About Our Founder
IBML was founded in 1992 in Birmingham, Alabama, by Gary and Virginia Murphy. Mr. Murphy has spent his entire professional career in the scanning business and has utilized his extensive product knowledge and expertise to create a premier high-speed, high-volume color scanner that is more than simply a product solution, but is a complete process and workflow solution.
While working for Input Business Machines, a Rockville, Maryland, start-up, Mr. Murphy received a patent for the Optical Character Recognition (OCR) Logics he developed in 1971. In 1972, Mr. Murphy sold his OCR technology to Burroughs Corp. for utilization in the 9134 sorter (which read at 3,000 characters per second), the Cummins Allison 216 transport, Control Data's reader sorter for Magnetic Ink Character Recognition (MICR) backup reading, Bell & Howell zip code readers, national pre-sort zip code readers, Computer Link's remittance processor, and various other applications.
Mr.
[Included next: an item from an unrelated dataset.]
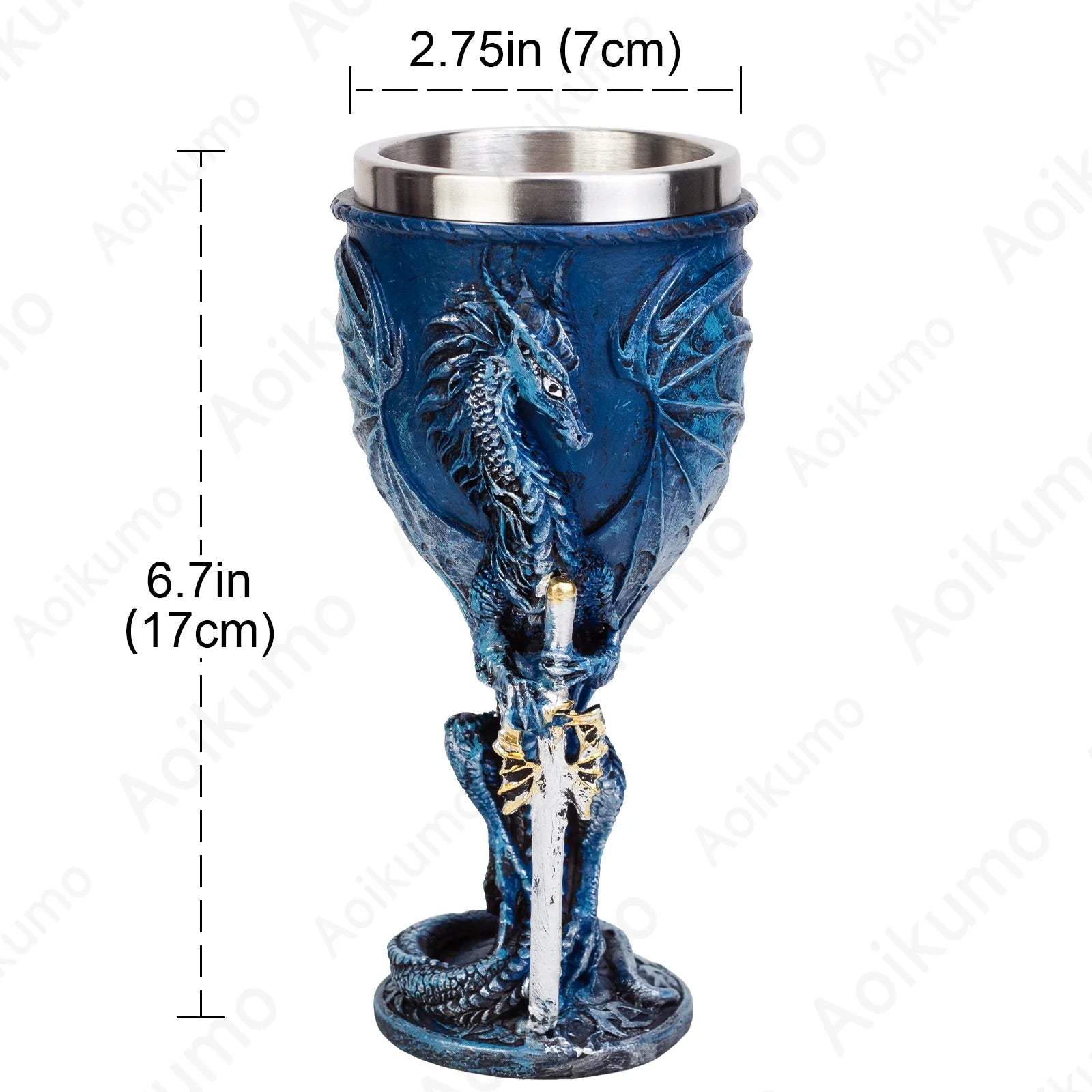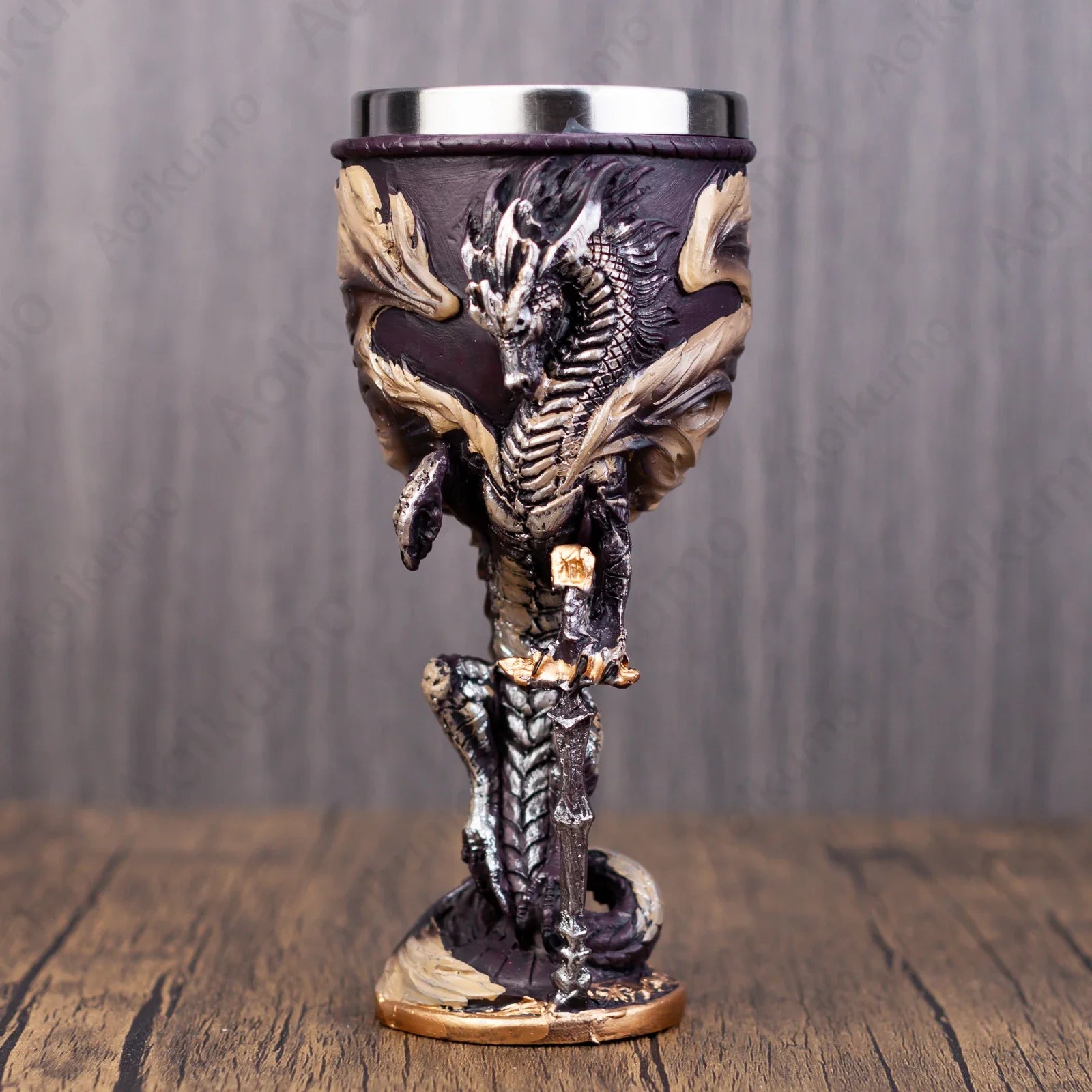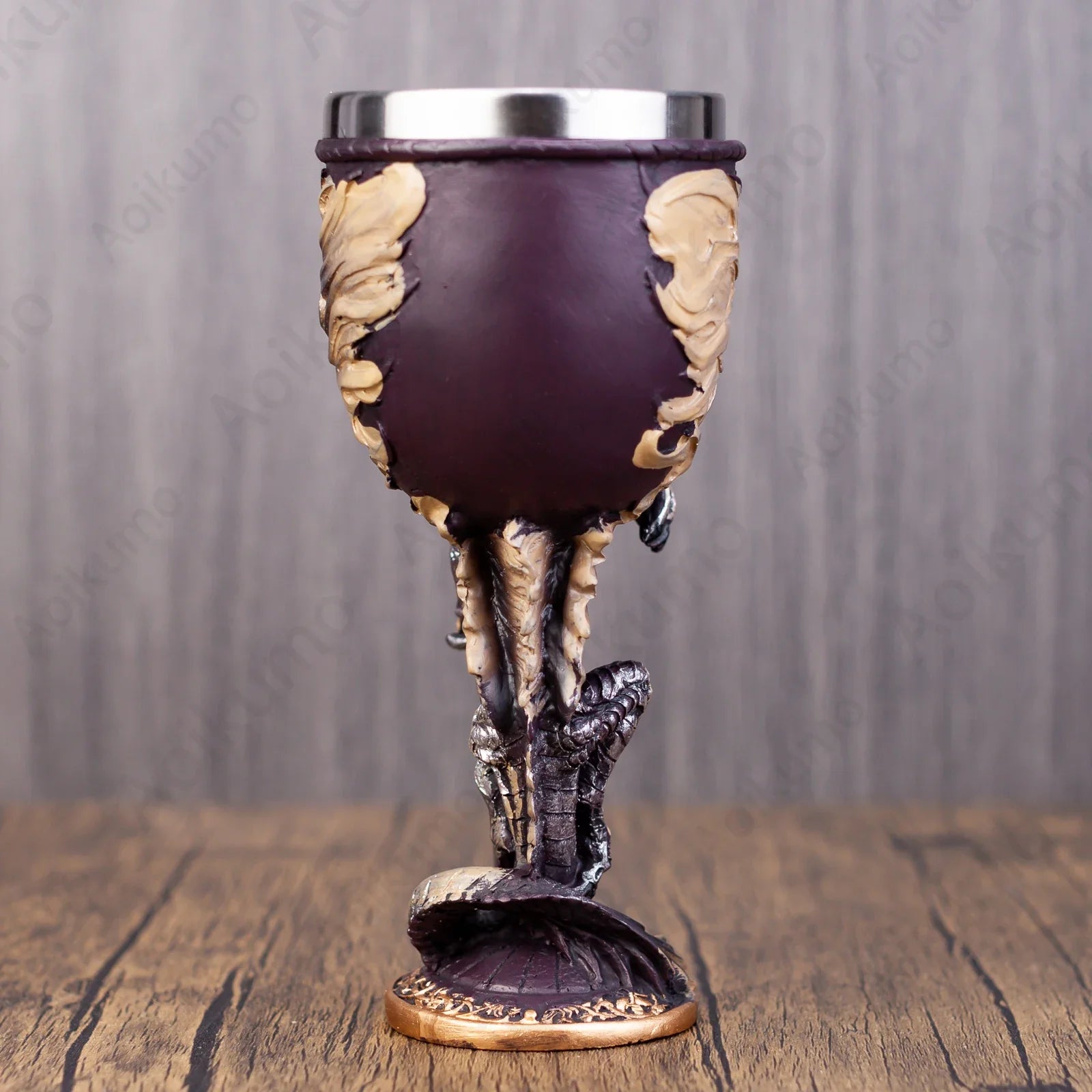 Creative Medieval Dragon Resin Goblet – Hand-Painted Wine Cup with Stainless Steel Insert
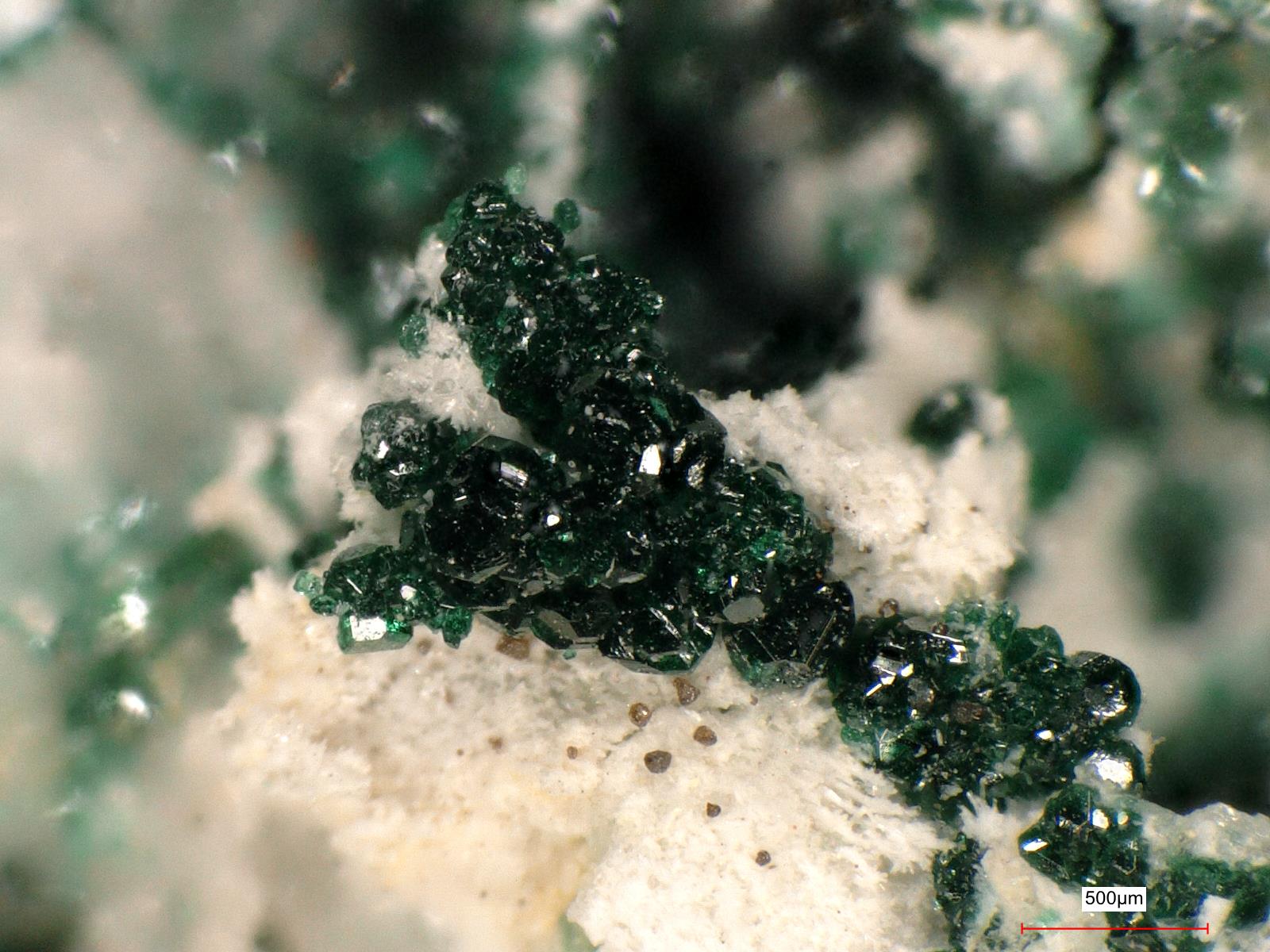 Dunkelgrüner Herbertsmithit - 4 mm Ausschnitt aus einer 7 cm großen Stufen. Analysiert mit SEM-EDS |

Murphy also developed a Remote Intelligent Terminal (RIT 200/300), which he later sold to Amer-O-Matic with the Terminal Remittance Processor (TRP 500) and the State Department's passport quality control reading mechanisms. Mr. Murphy subsequently sold his RIT 5000 National Retailers Merchants Association (NRMA) tag reader to Dennison and Kimball in 1981. Mr. Murphy earned his next patent for the stacker method associated with the RIT 2000 in December 1980. Input Business Machines went public in 1983 and sold to BancTec, Inc. a year later.
During his one-and-a-half year tenure with BancTec, Mr. Murphy developed the 4200 remittance processor, which later evolved into the 4300 model. Mr. Murphy was granted a third patent for his front/back track view option, which enabled operator-increased keying speed. In 1985, Mr. Murphy left Banctec to found Hybrid Systems.
Hybrid Systems developed the 4512 reader sorter, which was originally sold in Australia, Japan, the United Kingdom, Sweden, Italy and Germany. After developing the 5512 system, which processed 500 items per minute, Mr. Murphy sold the company to Recognition Equipment in 1991. In October of the same year, Mr. Murphy's patent for his stacker belt design was approved.
The next year, Mr. Murphy founded IBML in order to develop the 2048C (a 2,048 pixel Kodak color array) which was one of the first high-speed, full 24-bit color transports to bridge the gap between page scanners and item transports. The original 2048C later evolved into the ImageTrac.